We can see that AUC value is around 0.8582 as well as Accuracy of our model is around 0.8143 which are quite equal so Model is good.
Test Data
setwd("D:/Welingkar/Competitions/Anaholix/Round2/Q2")
dfrTests <- read.csv("./Test_Bank_Default.csv", header=T, stringsAsFactors=F)
head(dfrTests)
## age ed employ address income debtinc creddebt othdebt
## 1 36 1 16 13 32 10.9 0.544128 2.943872
## 2 50 1 6 27 21 12.9 1.316574 1.392426
## 3 40 1 9 9 33 17.0 4.880700 0.729300
## 4 31 1 5 7 23 2.0 0.046000 0.414000
## 5 29 1 4 0 24 7.8 0.866736 1.005264
## 6 25 2 1 3 14 9.9 0.232848 1.153152
Missing Data
#sum(is.na(dfrModel$Age))
lapply(dfrTests, FUN=detect_na)
## $age
## [1] 0
##
## $ed
## [1] 0
##
## $employ
## [1] 0
##
## $address
## [1] 0
##
## $income
## [1] 0
##
## $debtinc
## [1] 0
##
## $creddebt
## [1] 0
##
## $othdebt
## [1] 0
Predict
resVal <- predict(mgmModel, dfrTests, type="response")

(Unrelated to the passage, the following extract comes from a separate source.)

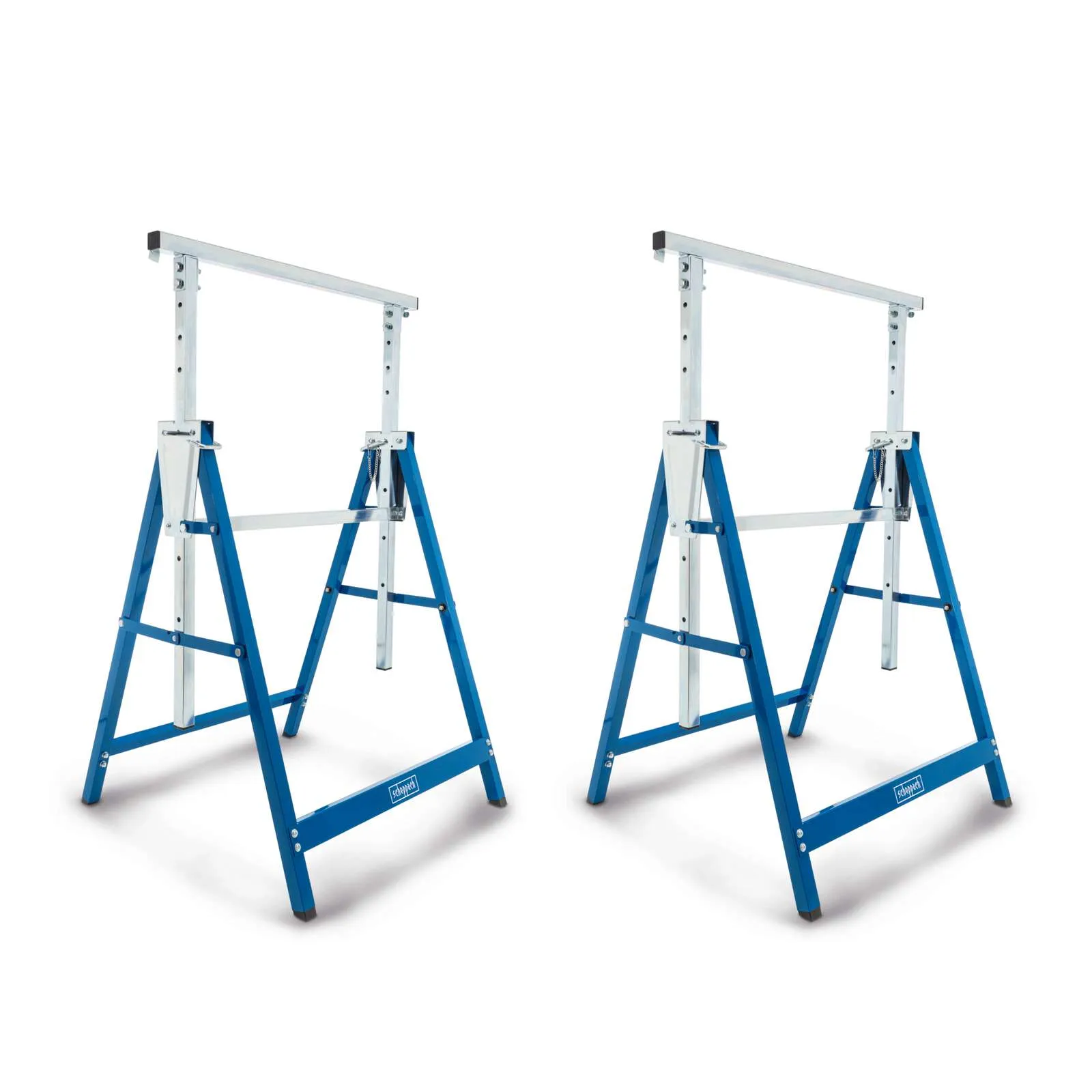 Die Ausführung besteht aus hochbelastbarem Stahl und bietet eine kompakte, klappbare Konstruktion für einfachen Transport und platzsparende Lagerung. Die Höhe ist in sieben Stufen verstellbar, wobei die Einstellbereiche eine fein abgestufte Anpassung erlauben. Verstellbare Anschlagswinkel verhindern seitliches Abrutschen von Arbeitsplatten oder Werkstücken, und rutschfeste Füße erhöhen die Standfestigkeit auf unterschiedlichen Untergründen. Die Auflagebalken haben eine nutzbare Länge von 680 mm und eignen sich auch für breitere Werkstücke. Im Lieferumfang sind zwei gleichwertige Teleskop-Arbeitsböcke enthalten, jeweils mit geringem Eigengewicht für komfortables Handling.

prdSur <- ifelse(resVal > 0.5, 1, 0)
Observations
Accuracy is very good, it is around 0.77
Test Data Confusion Matrix
resVal <- predict(mgmModel, dfrTests, type="response")
prdSur <- ifelse(resVal > 0.5, 1, 0)
prdSur <- as.factor(prdSur)
levels(prdSur) <- c("0", "1")
dfrTests <- mutate(dfrTests, Result=resVal, Prd_Outcome=prdSur)
head(dfrTests)
## age ed employ address income debtinc creddebt othdebt Result
## 1 36 1 16 13 32 10.9 0.544128 2.943872 0.009064256
## 2 50 1 6 27 21 12.9 1.316574 1.392426 0.078631691
## 3 40 1 9 9 33 17.0 4.880700 0.729300 0.668995166
## 4 31 1 5 7 23 2.0 0.046000 0.414000 0.079696639
## 5 29 1 4 0 24 7.8 0.866736 1.005264 0.368739528
## 6 25 2 1 3 14 9.9 0.232848 1.153152 0.408039825
## Prd_Outcome
## 1 0
## 2 0
## 3 1
## 4 0
## 5 0
## 6 0
write.csv(dfrTests, "Test_Prediction_Q2.CSV")

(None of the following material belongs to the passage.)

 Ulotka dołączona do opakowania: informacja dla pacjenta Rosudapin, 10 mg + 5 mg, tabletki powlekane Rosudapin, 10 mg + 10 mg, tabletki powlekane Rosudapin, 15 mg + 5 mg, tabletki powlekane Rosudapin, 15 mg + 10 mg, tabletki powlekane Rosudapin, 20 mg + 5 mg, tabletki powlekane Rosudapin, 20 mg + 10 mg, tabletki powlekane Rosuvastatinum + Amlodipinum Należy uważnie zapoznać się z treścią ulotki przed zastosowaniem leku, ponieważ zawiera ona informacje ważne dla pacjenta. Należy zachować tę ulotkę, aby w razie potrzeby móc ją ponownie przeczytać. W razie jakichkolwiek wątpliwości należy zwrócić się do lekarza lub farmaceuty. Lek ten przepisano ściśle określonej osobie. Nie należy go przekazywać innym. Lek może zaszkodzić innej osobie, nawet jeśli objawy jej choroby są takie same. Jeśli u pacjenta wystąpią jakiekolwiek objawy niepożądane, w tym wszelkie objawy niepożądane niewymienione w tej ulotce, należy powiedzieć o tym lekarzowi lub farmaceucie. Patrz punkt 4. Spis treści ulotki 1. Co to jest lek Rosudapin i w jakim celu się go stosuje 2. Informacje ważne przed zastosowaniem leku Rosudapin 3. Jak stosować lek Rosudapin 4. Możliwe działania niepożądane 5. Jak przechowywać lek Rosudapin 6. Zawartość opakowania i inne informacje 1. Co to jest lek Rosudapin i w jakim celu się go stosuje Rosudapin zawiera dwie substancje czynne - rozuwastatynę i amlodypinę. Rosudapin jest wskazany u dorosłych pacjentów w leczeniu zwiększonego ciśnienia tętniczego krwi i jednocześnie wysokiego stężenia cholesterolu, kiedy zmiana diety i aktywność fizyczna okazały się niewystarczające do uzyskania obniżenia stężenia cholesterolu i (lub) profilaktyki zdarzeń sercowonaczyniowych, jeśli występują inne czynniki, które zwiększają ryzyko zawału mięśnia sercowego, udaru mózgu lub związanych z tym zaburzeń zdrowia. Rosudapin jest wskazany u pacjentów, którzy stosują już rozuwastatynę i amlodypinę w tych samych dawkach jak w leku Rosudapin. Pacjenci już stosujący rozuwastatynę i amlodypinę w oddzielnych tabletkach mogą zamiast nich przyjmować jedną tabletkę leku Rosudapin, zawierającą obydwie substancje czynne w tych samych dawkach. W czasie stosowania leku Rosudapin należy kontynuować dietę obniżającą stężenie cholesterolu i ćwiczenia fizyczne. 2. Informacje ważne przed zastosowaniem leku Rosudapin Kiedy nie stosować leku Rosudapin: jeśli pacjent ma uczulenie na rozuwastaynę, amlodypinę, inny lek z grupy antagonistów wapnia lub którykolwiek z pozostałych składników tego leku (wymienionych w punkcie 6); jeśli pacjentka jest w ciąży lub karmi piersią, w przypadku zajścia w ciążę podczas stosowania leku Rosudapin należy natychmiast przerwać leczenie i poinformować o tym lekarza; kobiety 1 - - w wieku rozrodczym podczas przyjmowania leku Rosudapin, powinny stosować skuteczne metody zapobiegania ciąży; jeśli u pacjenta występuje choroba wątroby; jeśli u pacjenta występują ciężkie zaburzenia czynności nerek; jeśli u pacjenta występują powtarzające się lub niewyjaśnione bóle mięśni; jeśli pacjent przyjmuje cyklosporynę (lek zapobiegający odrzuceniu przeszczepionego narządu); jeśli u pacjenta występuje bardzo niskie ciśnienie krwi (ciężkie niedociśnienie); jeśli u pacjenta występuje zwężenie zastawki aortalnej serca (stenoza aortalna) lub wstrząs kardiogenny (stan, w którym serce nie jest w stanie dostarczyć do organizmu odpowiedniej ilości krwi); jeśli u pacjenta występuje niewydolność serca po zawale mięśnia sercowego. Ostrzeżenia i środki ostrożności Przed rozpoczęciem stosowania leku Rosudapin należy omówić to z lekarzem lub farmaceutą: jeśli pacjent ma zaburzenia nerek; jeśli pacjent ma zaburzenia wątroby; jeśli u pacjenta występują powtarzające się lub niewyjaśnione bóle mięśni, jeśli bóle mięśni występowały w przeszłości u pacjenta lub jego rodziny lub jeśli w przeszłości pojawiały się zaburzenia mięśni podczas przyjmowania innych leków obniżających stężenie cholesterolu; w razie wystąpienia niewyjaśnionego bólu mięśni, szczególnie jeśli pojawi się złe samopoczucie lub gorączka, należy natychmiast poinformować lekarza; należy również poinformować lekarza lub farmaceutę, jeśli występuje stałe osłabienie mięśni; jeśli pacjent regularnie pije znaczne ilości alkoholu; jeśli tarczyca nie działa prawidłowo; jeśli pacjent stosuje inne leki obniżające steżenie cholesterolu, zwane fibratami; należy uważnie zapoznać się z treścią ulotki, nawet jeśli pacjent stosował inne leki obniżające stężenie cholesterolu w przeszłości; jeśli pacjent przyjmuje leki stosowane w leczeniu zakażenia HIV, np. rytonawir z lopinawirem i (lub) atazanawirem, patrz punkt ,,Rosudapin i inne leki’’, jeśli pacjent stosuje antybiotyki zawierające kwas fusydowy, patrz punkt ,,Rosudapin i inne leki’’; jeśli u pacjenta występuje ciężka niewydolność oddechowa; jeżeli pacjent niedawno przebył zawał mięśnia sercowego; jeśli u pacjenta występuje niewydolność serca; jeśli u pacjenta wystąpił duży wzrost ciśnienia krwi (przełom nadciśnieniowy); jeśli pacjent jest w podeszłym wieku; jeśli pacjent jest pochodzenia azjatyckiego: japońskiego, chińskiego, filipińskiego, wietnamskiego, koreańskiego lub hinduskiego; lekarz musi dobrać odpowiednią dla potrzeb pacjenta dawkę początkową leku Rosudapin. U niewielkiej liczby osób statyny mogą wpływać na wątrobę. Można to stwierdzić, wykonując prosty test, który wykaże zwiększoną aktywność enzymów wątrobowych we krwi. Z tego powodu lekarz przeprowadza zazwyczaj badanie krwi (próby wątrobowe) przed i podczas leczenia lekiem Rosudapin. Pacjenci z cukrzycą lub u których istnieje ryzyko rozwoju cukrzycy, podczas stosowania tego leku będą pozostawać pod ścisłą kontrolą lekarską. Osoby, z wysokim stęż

There was total data set of 700 records of past bank loan default history of a private bank, It contains their details along with who is defaulted or not.
Data Set is divided in two part one is Train data for building a model while other one is Test data to test the model.